After a couple of months of being together, it was obvious that the chemistry was great, they both were sure this was the person and he decided, “I am going to marry her”. The communication was excellent, despite their occasional disagreement, they were quick to make up, so their conflicts never lasted more than a few hours.
She posed the question to him about being best friends and for some reason, he could not understand why they had to make that part of their relationship official, what does it mean to be best friends?
Your best friend? “Absolutely not,” Dr Helliwell said. “The benefits of relationships/marriage are strong even for those who are littered with outside friends. It’s just bigger for those who consider their spouse their closest friend. Some things in life should be as perennial as the grass, it cannot be negotiated, it has to happen naturally. It is not necessary that your girlfriend should be your best friend…..but if she is your best friend then congrats……if she is your best friend then definitely she will understand you, your feeling towards something or someone, your needs, your love language and almost each and every small thing of you.
What we have discovered, if you enter the relationship expecting that your partner should be your best friend, the relationship could end up failing. The characteristic that a best friend has may lack what should make them eligible for an exclusive relationship.

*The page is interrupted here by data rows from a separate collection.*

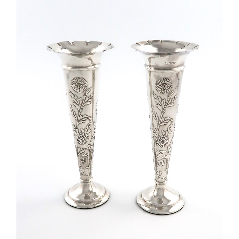 tapering circular form, crimped borders, embossed with chrysanthemum decoration, on raised weighted circular bases, height 20.7cm. (2)
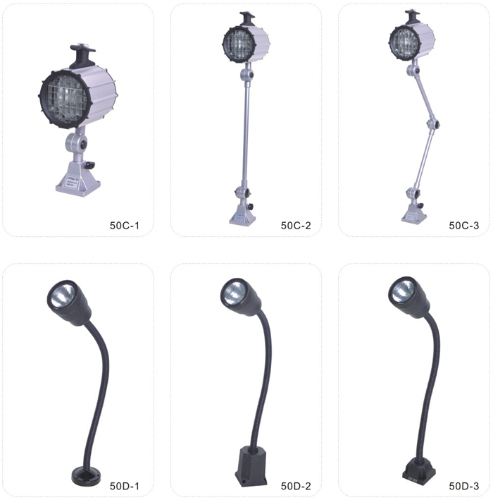 JS.109003 50C、50D系列工作燈 50C工作燈采用新光源鹵鎢燈泡,光線柔和,聚光性好,適用于各種大中型機床,數控機床,加工中心及普通機床的照明,并具有防水、防爆、防侵蝕等優點。 50D適用于中小型機床,醫療設備及汽車修理、船舶檢修、設備維修的工作照明。可內裝電子變壓器,輸入不同電壓。
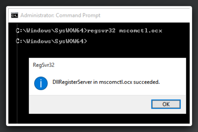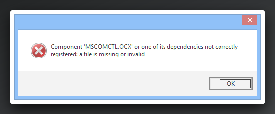 Component 'MSCOMCTL.OCX' or one of its dependencies not correctly registered: a file is missing or invalid
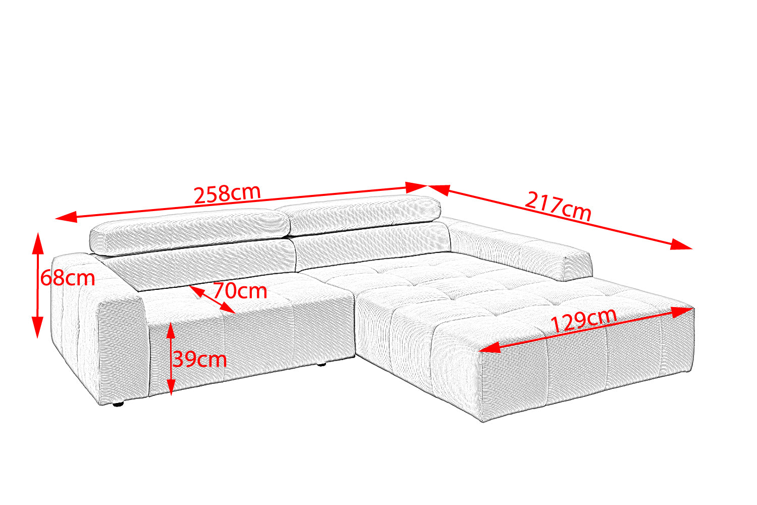 Entdecken Sie das stilvolle Ecksofa RENO von KAWOLA, das mit seinem hochwertigen Cordbezug und seiner raffinierten Kopfteilverstellung beeindruckt. Der Rundumbezug aus erstklassigem Cord verleiht diesem Ecksofa einen zeitlosen Charme und eine angenehme Haptik. Der ergonomisch geformte Rücken aus Schaumstoff sorgt für zusätzlichen Komfort, während die Wellenunterfederung und der PUR-Schaum im Sitzbereich ein angenehmes Sitzgefühl gewährleisten. Die innovative Kopfteilverstellung ermöglicht es Ihnen, die Kopfteile individuell zu neigen oder aufrecht zu stellen, um Ihre persönliche Entspannungsposition zu finden. Mit einem mittelfesten Sitzkomfort bietet das Ecksofa RENO die perfekte Kombination aus Stil und Gemütlichkeit. Erleben Sie pure Entspannung in Ihrem Wohnzimmer mit diesem bequemen und ansprechenden Möbelstück.
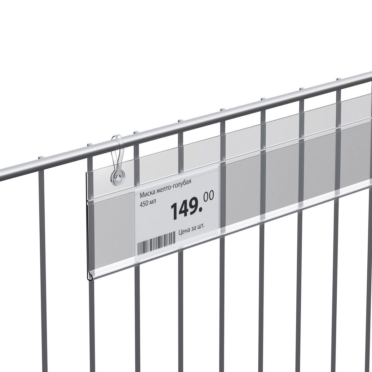 Универсальный ценникодержатель для подвешивания на проволочные корзины с помощью клипс. На профиле длиной 1000 мм требуется 6 клипс, на профиль длиной 1250 мм требуется 7 клипс.
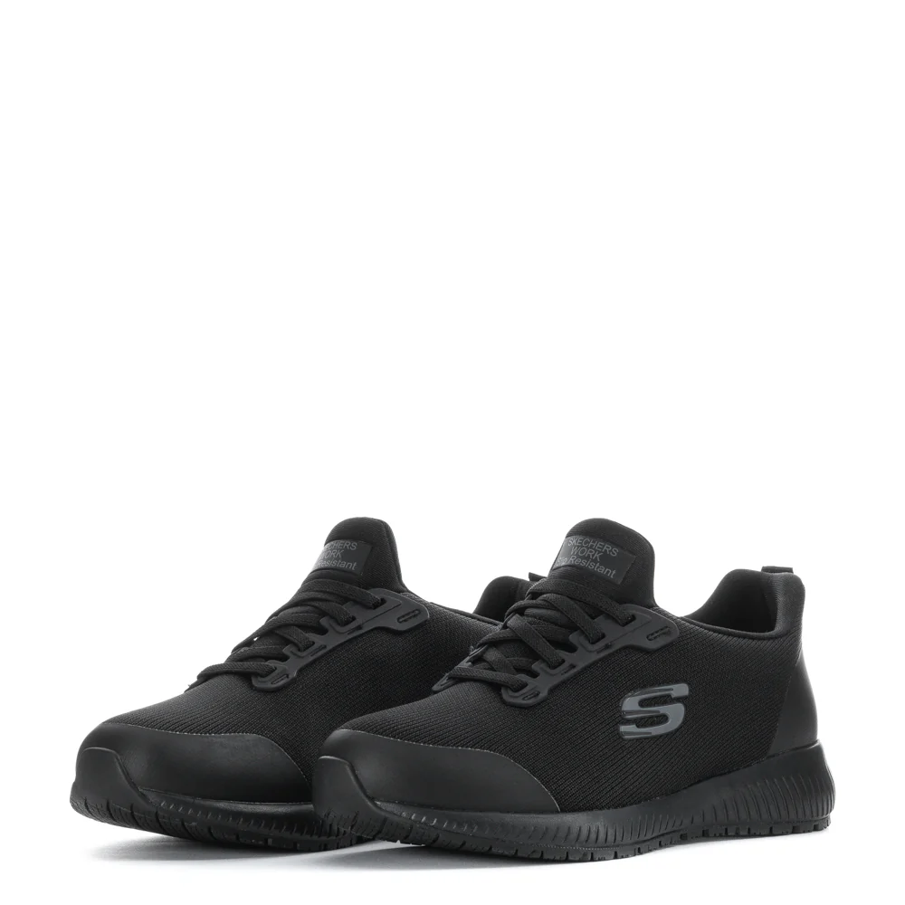 You'll whistle while you work when your feet feel this good in the Skechers Squad SR Wide Women's Sneakers. These feature the famous Skechers Memory Foam™ insole that cushions every step you take. Because they're water resistant, your feet will stay dry even if you have a spill.

Can best friends fall in love?
Best friends can and do sometimes fall in love, the only issue with that is if the relationship should fail, it is difficult to keep the friendship going. If your partner is pushing to be best friends because of jealousy that will not work either, the insecure partner’s motive is to keep you close for selfish reasons and that is not what friendship is about.
Expectations of Partner and Friends are Different
Friends and partnership feelings do not always have the same starting point. We know that we have a good friend for whom we cannot even think that we would have a relationship with him because of the partners we have largely different expectations and demands than from a friend.
A friend often covers areas and holes that the partner cannot, or don’t even need to cover because the partner isn’t someone who would have been enough by itself. If a partner could satisfy your every need, then they would be all your friends in one person, in addition to your exceptional lover.
The fact is that the partner is, in a sense, your best friend, and your confidant. However, this friendship is very different, and much about the others stems from a good partnership based on trust.
“Compatibility means that you get along with somebody very well,” Vikki Ziegler, relationship expert and author of The Pre-Marital Planner, tells Bustle. … Basically, being in a compatible relationship means that you work well together, enjoy each other’s company and have a good time.
These characters do not always lead to best friends but it certainly could lead to a relationship and can be developed for marriage.
Before insisting on your partner being your best friend, just consider that if things do not work out, there goes the friendship, it is just a reality that we should always keep in mind when negotiating this position. There are many successful relationship and marriages that are healthy without the best friend concept, so is calling someone your best friend a myth? It could be because if most of us should look back to childhood, then we can count on two hands the amount of best friends we have had over the years, especially when you live to my age.
Your Best Friend
Enjoy your relationship now and do not put a strain on it to be more than it is, the best version of where it is today. Live in the moment of your relationship and have faith in its success.